Search code examples
pythontensorflowtensorflow2.0huggingface-transformers

huggingface transformer with tensorflow saves two files as model weights


This is how I build the model for classification task:

    def bert_for_classification(transformer_model_name, max_sequence_length, num_labels):
        config = ElectraConfig.from_pretrained(
            transformer_model_name,
            num_labels=num_labels,
            output_hidden_states=False,
            output_attentions=False
        )
        model = TFElectraForSequenceClassification.from_pretrained(transformer_model_name, config=config)
        # This is the input for the tokens themselves(words from the dataset after encoding):
        input_ids = tf.keras.layers.Input(shape=(max_sequence_length,), dtype=tf.int32, name='input_ids')
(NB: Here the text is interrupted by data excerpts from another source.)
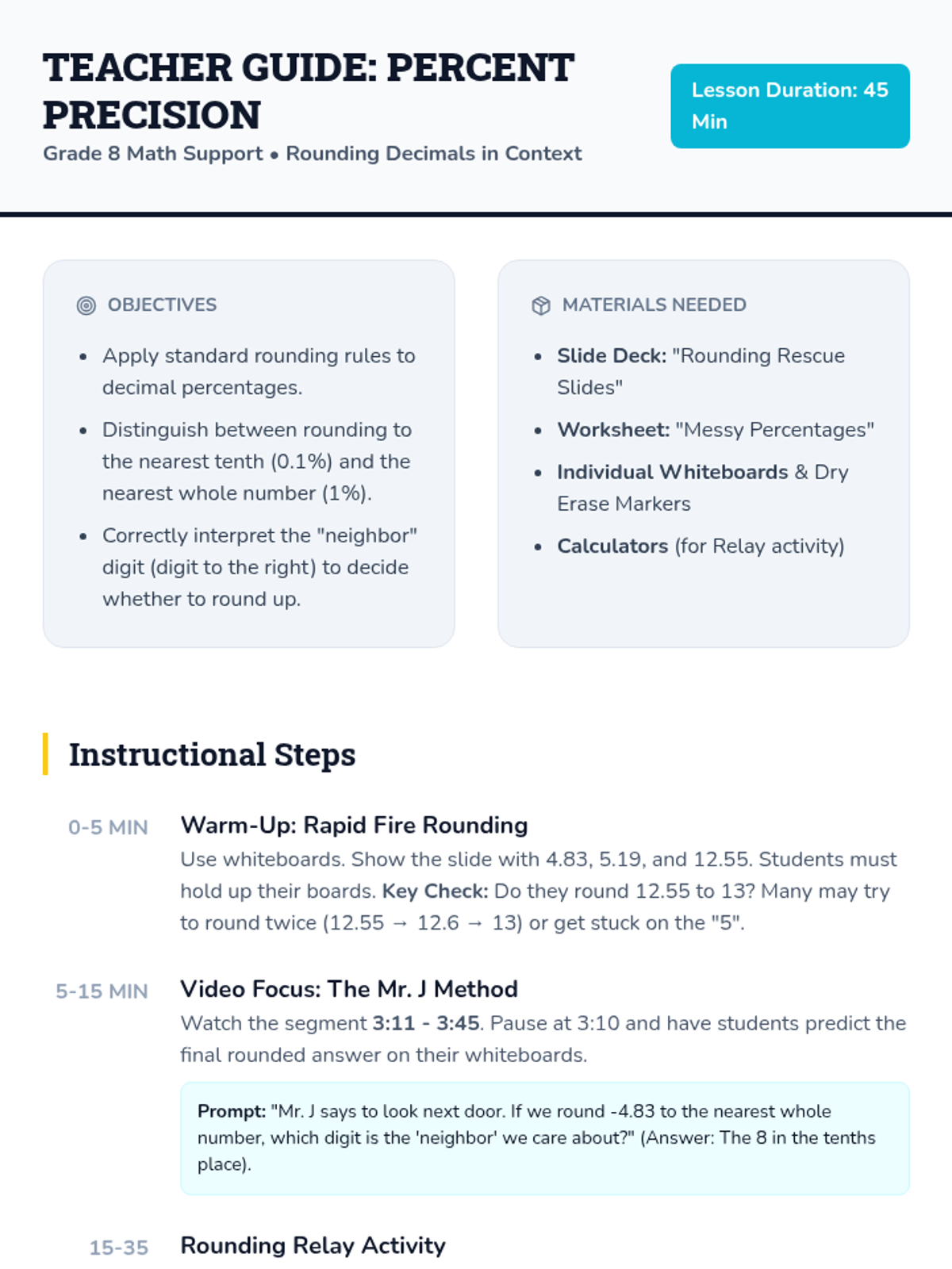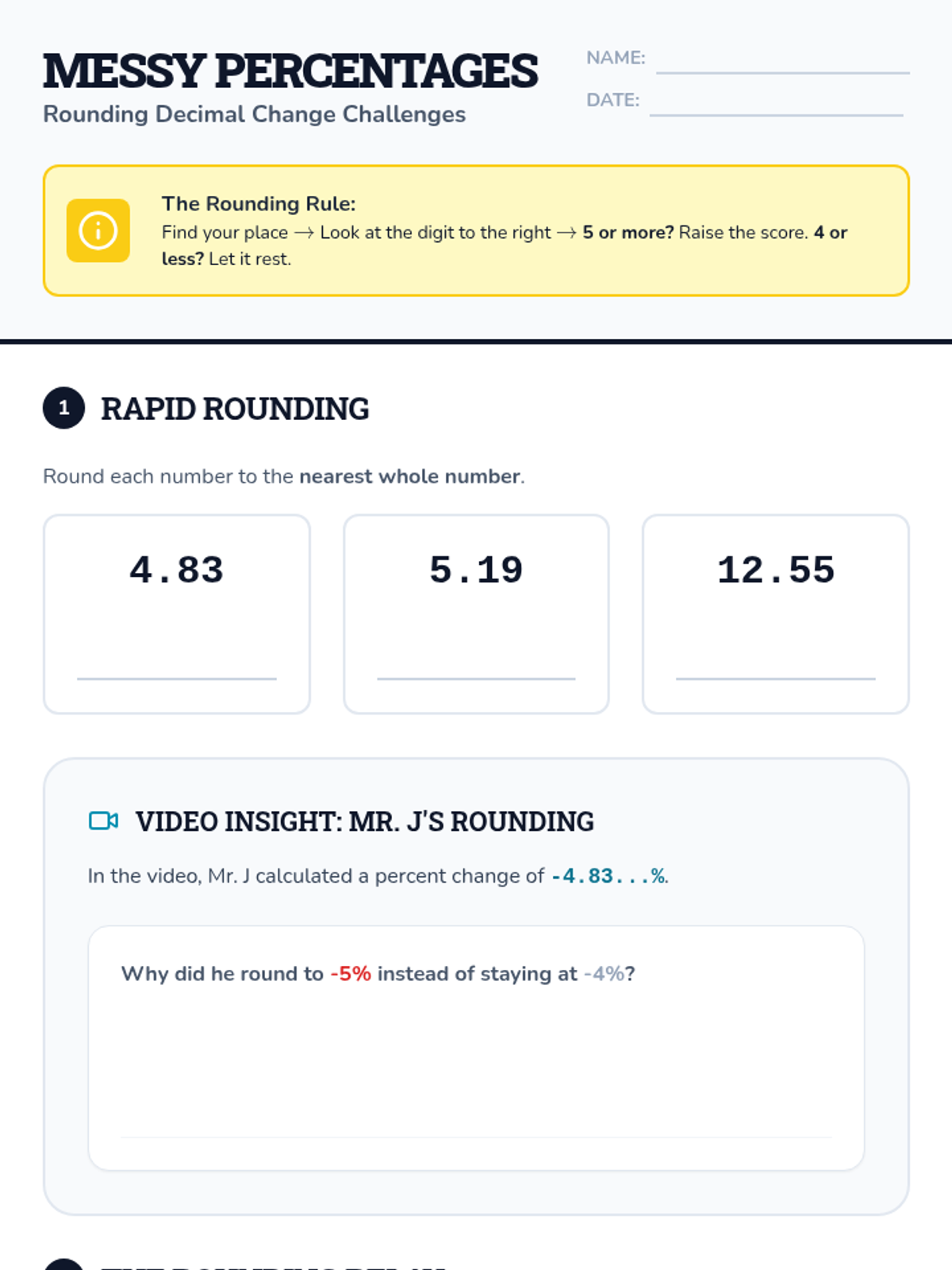 A support lesson focused on rounding decimals to the nearest tenth and whole number within the context of percent change calculations, featuring a video by Mr. J.
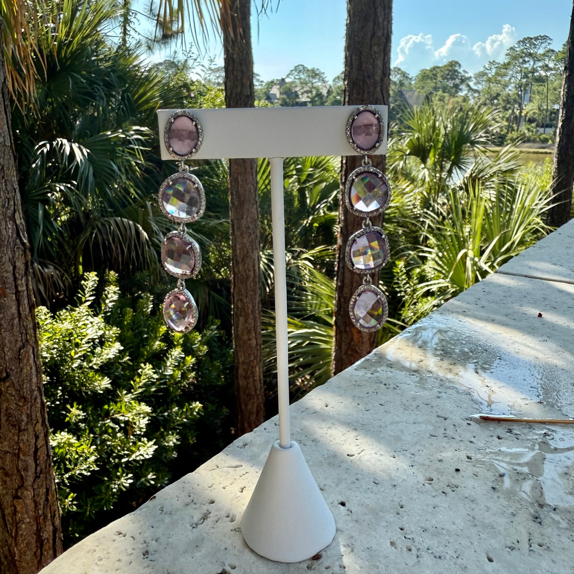 Summer for your ears, our gemstone drops are surrounded by diamonds. Approximately 2 inches long. Gemstones approximately 8mm to 10mm around. The baby pink quartz are slightly larger around, approximately 12 to 15mm. Natural gemstones in organic sizes. Very lightweight.
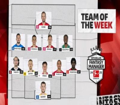 体育资讯2月3日报道宣称 德甲第20轮联赛已经完赛,德甲官方也评出了本轮最佳阵容,拜仁3将在列。

        # attention_mask - is a binary mask which tells BERT which tokens to attend and which not to attend.
        # Encoder will add the 0 tokens to the some sequence which smaller than MAX_SEQUENCE_LENGTH,
        # and attention_mask, in this case, tells BERT where is the token from the original data and where is 0 pad
        # token:
        attention_mask = tf.keras.layers.Input((max_sequence_length,), dtype=tf.int32, name='attention_mask')

        # Use previous inputs as BERT inputs:
        output = model([input_ids, attention_mask])[0]
        output = tf.keras.layers.Dense(num_labels, activation='softmax')(output)
        model = tf.keras.models.Model(inputs=[input_ids, attention_mask], outputs=output)

        model.compile(loss=keras.losses.CategoricalCrossentropy(),
                      optimizer=keras.optimizers.Adam(3e-05, epsilon=1e-08),
                      metrics=['accuracy'])

        return model

After I trained this model I save it using model.save_weights('model.hd5') But it turns out there are two files that are saved: model.hd5.index and model.hd5.data-00000-of-00001

How should I load this model from the disk?


Solution

  • You have 2 possibilities to save a model, either in keras h5 format or in tensorflow SavedModel format.

    You can determine the format by passing the save_format argument and set it to either "h5" or "tf". If you don't specify this argument, the format will be determined by the name you have passed. If the name has the .h5 suffix, it will be saved in keras, otherwise in the SavedModel format.

    Anyway, since you have specified suffix hd5 instead of h5, it will be saved in SavedModel format.

    You can simply load them in the same way you have saved them.

    model.save_weights("model.h5")   #h5 format
    model.load_weights("model.h5")
    #or
    model.save_weights("mymodel")    #SavedModel format
    model.load_weights("mymodel")